As for chips, I went the APR route (I have a tip unfortunately). Depending what program I am running at the time I can run stock, 91 oct., 93 oct., and 100 oct. 91 gives me an increase of 59 hp and about 107 lb ft. of twist. 93 oct. goes up another 9 hp and about 24 more lb. ft. of tourque. It seems the consensus is you will shave off a little more than a second 0-60 times.......this was my favorite mod along with new sways (h-sports set hard)
I hope this helps, good luck!


----------



## OWENthatsmyname (Feb 27, 2007)

*Re: anyone with a chipped 2.7T? also how low w/ 402 mod (k2allroad)*

thanks def helps.


----------



## diive4sho (Feb 7, 2004)

*Re: anyone with a chipped 2.7T? also how low w/ 402 mod (OWENthatsmyname)*

<----check here under my name for my times.
APR chip on 93 octane. stock exhaust. stock clutch. stock turbos. stock airbox w/K&N. evoms dv's and samco TBB
13's isn't too hard if you can drive well... http://****************.com/smile/emthup.gif


----------



## AHarmes5 (Apr 18, 2003)

'01 tip with APR 93 oct., custom 2.5" catbacks, EVOms dv's. 20mm f/r 402mod.
can't wait until spring show n go to run it on the track. since the car is tip, would i be better off with ESP off and leaving the car in drive. just mashing the gas


----------



## osrf (Jan 15, 2007)

*To chip or not to chip..that is the question...*

I recently purchased a 2003 allroad 2.7T Quattro (pretty much fully-loaded except for a nav system) after coming out of a 4 year lease on a 2003 A4 1.8T Quattro. 

I have read numerous post on a couple of different message boards about the allroad series, and after doing so, am feeling sorry that I didn't get a 6 speed manual rather than the auto w/TipTronic, but oh well, such is life.









I was contemplating getting the engine modified with the 'chip' however some of what I read on various sites (including here) gave me cause for pause, based on what folks had to say about effects on gas mileage, and the possibility of the warranty being voided due to having the vehicle modified. 

I called the manager of the service department at the dealer I use here in California (Rusnak Westlake), and asked him about these two issues. 

He stated that although adding a mod chip can void a warranty, if I was to get the chip work done Neuspeed, there would be no issue and they would be sure not to let it effect my warranty. 
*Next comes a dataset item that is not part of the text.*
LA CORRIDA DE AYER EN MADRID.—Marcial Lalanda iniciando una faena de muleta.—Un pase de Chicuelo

He said that he has dealt with them for years, and compared to the work that others do, they do not cause modifications that burn out turbos, or even worse, crack engine blocks (something he said that he has seen, when something called a APR chip was used). 
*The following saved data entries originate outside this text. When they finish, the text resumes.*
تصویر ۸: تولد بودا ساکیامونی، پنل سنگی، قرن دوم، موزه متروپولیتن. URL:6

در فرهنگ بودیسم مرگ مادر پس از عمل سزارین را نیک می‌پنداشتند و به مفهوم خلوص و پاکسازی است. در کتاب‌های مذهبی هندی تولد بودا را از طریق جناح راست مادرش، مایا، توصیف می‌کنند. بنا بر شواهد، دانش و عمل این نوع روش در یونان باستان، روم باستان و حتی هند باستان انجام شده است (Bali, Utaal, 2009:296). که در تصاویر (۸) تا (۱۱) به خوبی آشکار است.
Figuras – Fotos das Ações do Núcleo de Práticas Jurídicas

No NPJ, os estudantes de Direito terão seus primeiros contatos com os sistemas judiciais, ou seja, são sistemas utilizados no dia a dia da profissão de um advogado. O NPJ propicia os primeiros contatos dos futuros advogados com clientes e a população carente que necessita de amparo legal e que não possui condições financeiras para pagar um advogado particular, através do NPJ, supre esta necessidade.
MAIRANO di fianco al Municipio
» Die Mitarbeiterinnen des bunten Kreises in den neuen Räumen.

As for the gas mileage, he stated that the in-town mileage would definitely suffer, because with the increased HP, people tend to get a heavier foot, and the turbos kicking in faster simply uses more fuel, so the stop-and-go driving just eats up even more fuel than usual. 

That being said, I don't think I will be adding a chip...I'm averaging about 20 MPG/per tank, and with gas here in Cali at above $3/per, I wouldn't want that to start eating up even more of my money.
Feedback?


----------



## AHarmes5 (Apr 18, 2003)

If I was worried about gas mileage, I wouldn't be driving a twin turbo six cylinder. I'm probably somewhere around 20 mpg. Really depends on how you drive. Stay light on the gas peddle and keep them from spooling up. 
Slush-box or not.. the s60R I saw the other day was pretty salty that he could not pull on a ' family truckster '















I <3 my wagon


----------